Letter to the Editor | Published:

Role of BCL2L10 methylation and TET2 mutations in higher risk myelodysplastic syndromes treated with 5-Azacytidine

Leukemia volume 25, pages 19101913 (2011) | Download Citation

Epigenetic gene regulation has a critical role during normal development and neoplastic transformation. Several tumor suppressor genes are found to be abnormally methylated and silenced in hematological malignancies, and the distribution of DNA methylation follows specific and distinct patterns in acute myeloid leukemia (AML) and myelodysplastic syndromes (MDS). However, the mechanisms mediating aberrant methyl-cytosine patterns in MDS have not been defined.

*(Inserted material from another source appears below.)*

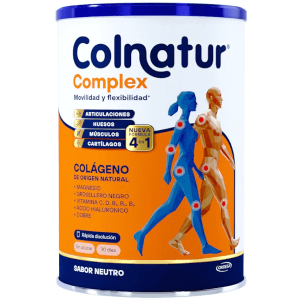 https://www.mifarma.eu/colnatur-complex-very-neutral-flavor-330-g-container903589501643Colnatur Complex Neutral Mobility and Flexibility 324 gr<p><span style="font-weight: bold;">Colnatur Complex Neutral Mobility and Flexibility 324 gr</span></p><p> <span style="font-weight: bold;">Colnatur Complex Neutro</span> is a fast-dissolving powder supplement designed to <span style="font-weight: bold;">promote joint mobility and flexibility, and to care for bones, muscles, and cartilage.</span></p><p> It contains <span style="font-weight: bold;">10g of pure hydrolyzed collagen of natural origin</span> , combined with <span style="font-weight: bold;">magnesium bisglycinate, hyaluronic acid, vitamins C, B1, B2, B6, D, copper and blackcurrant extract.</span></p><p> This 4-in-1 formula is backed by over 20 years of collagen research and has shown proven results in clinical studies.</p><p> It is indicated for people who want <span style="font-weight: bold;">to take care of their bones and muscles, maintain joint mobility and flexibility, as well as for athletes and people with habitual fatigue or physical/mental stress.</span></p><p> It is used to contribute to the maintenance and self-care of joint health.</p>https://assets.atida.com/transform/2d47cdc4-7060-430f-8b02-ea4f8e14668b/Colnatur-Complex-Neutro-Movilidad-y-Flexibilidad-324-gr?io=transform:extend,width:250,height:25018.99instock20.2617.26363536363661.27Colnaturhttps://www.mifarma.eu/media/catalog/product/4/f/8/9/4f893aca1127b7797f7748d4fea652893a32b749_Colnatur_Complex_Neutro_Movilidad_y_Flexibilidad_324_gr.png/Vitamins and Supplements/Supplements/Bones, Joints, and Muscles/Mini Prices/Vitamins and Supplements/Vitamins and Supplements/Supplements/cyber_monday_pt_int/NO MIFARMA DAYS/Up to 70% off/Mifarma Days NO/Singles' Day: Up to 70% off!2024-09-16T06:22:54+0000

TET2 is a close relative of TET1 and TET3, a family of enzymes sharing two highly conserved domains, which convert DNA 5-methylcytosine (5mC) to 5-hydroxymethylcytosine (5hmC). The gene encoding for TET2 resides at chromosome 4q24 and is frequently mutated in myeloid malignancies, including about 25% of MDS, 40–50% chronic myelomonocytic leukemia, 15% myeloproliferative neoplasms, 10–20% of AML, in particular in cases secondary to MDS.1, 2, 3 Most recently, Ko et al.4 showed that TET2 mutations compromise the hydroxymethyl-catalytic activity of the protein, with lower levels of 5-hydroxymethylcytosine in genomic DNA from TET2-mutated samples compared with controls.

We studied the prognostic role of TET2 mutations and methylation profiling in 38 patients treated with 5-azacytidine (Vidaza, Celgene Corp., Summit, NJ, USA) and valproic acid, according to the Gimema multicenter clinical trial MDS0205 (EudraCT number 2005-004811-31). Therapy consisted of valproic acid given orally to reach a plasma concentration above 50 μg/ml and 5-azacytidine (5-AZA) at a standard dose of 75 mg/sqm daily, subcutaneously, for 7 days every 4 weeks. Response rate and survival for the whole patient group have been previously reported.5 The validation group was composed of a retrospective series of 27 patients treated at the Universita’ Cattolica Sacro Cuore (Rome, Italy) between September 2007 and June 2010. Inclusion criteria were: diagnosis of higher-risk MDS and treatment with 5-AZA at 75 mg/sqm daily, subcutaneously, 7 days for a median of 4 cycles (range 2–30 cycles). Clinical characteristics of these patients are described in Table 1. Both patient groups had not received any specific treatment before starting 5-AZA, except for supportive therapy. DNA was extracted from bone marrow mononuclear cells obtained from all patients before 5-AZA exposure. All patients signed informed consent in accordance with the Declaration of Helsinki, following institutional guidelines.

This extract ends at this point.